The configuration mismatch is verified. The motive is ambiguous and requires per-host verification.

The rule

LLM gateway proxies (LiteLLM, Portkey, custom wrappers) expose two distinct surfaces that often disagree:

  • /v1/models: public model list. Shows the model IDs the operator chooses to advertise. Operator-controlled string.
  • /v1/model/info (LiteLLM-specific): internal config showing litellm_params.api_base and the actual upstream provider + model name. Authoritative upstream attribution.

A discrepancy between the two is a model-attribution-integrity issue. The operator advertises one model class to callers; the proxy serves a different (typically cheaper or local) model. The MOTIVE for the mismatch is ambiguous and requires per-host investigation. Possible motives (not mutually exclusive):

  1. Convenience alias (Jo Lab case, verified): operator names local models with Anthropic-SDK-compatible IDs so client code defaults work without changing model strings. No fraud claim, no customer-facing API resale. The lab is the only user of the proxy.
  2. Model-impersonation reselling (requires customer-pitch evidence): operator sells “Claude API access” at Anthropic-tier prices; serves Gemma / Llama / GLM locally; pockets the margin.
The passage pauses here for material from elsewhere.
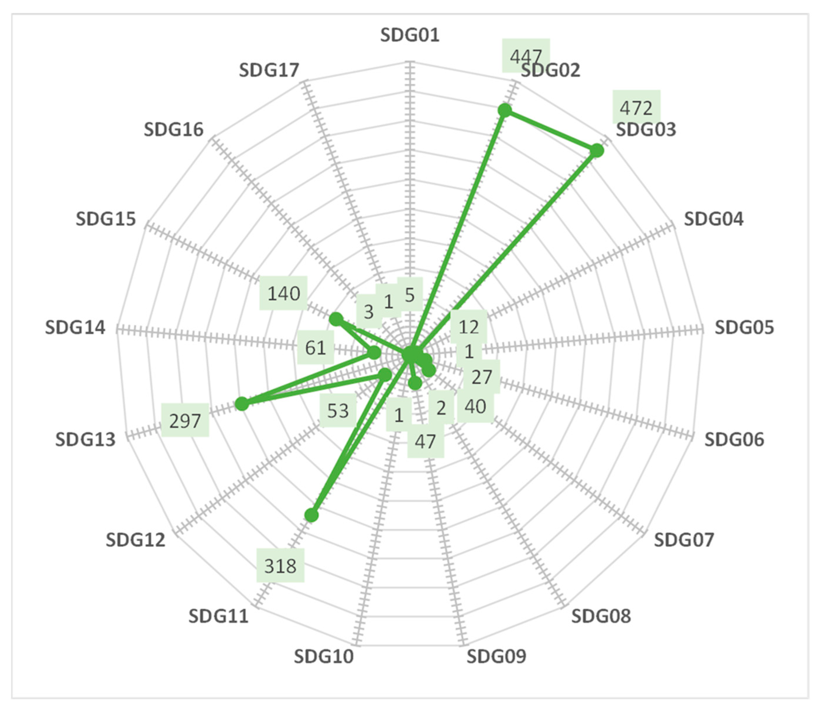 | SDG 2 | 447 | SDG 11 | 318 |

Verification requires finding the customer-facing site / pricing / receipts.
  3. Cost arbitrage: operator sells at premium-tier pricing; routes to a cheaper provider; pockets the spread. Same evidence requirement as #2.
  4. Compliance / sanctions evasion: routes around a provider the operator does not have access to (e.g., serving “OpenAI” from a region OpenAI does not authorize).
  5. Data exfiltration: the proxy logs everything passed through it; the rebranded “premium model” gives the operator a way to collect prompts + responses without callers realizing the data path.
  6. Test/demo placeholder: scaffolding for a future Claude integration that never landed; operator never updated the model IDs.
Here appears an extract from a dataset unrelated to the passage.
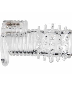 This multi function cock tool is designed for maximum partner stimulation and increased erection enhancement. The textured sheath has multiple areas of stimulation, and is stretch to fit for pleasure on any size. The stretchy retention strap fits behind the balls so it will not slip off no matter how rowdy you get. The ribbed texture pad at the base houses an interior vibrating bullet, for targeted clitoral stimulation with every thrust. Try this partner pleasing erection tool on for size!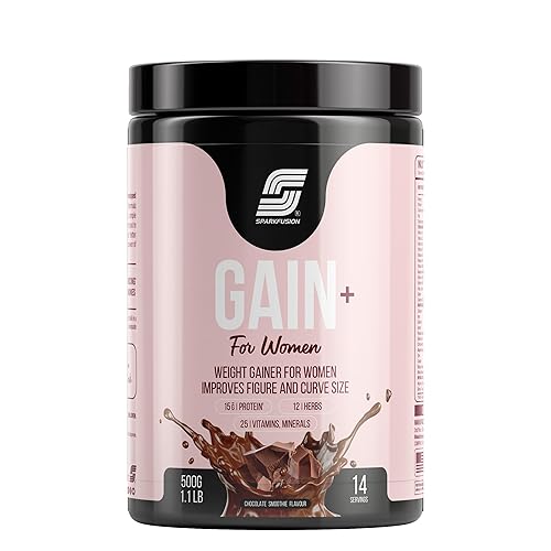 Sparkfusion Gain+ Women Weight Gainer | With Full Power 12 Herbs,Protein & Vitamins | For Improves Figure And Curve Size | Weight + Mass Gainer For Women Chocolate Smoothie flavour 500 gm

Per feedback_hard_proof_for_critical_label and feedback_100_percent_verified_tier_labels: do NOT label a host as “fraud” without verified customer-facing evidence (a website selling Claude access, a price page, a customer complaint, a receipt). The configuration mismatch alone is a model-attribution-integrity finding, not a fraud finding.

Empirical basis (LiteLLM operator-attribution deep-dive, 2026-05-19)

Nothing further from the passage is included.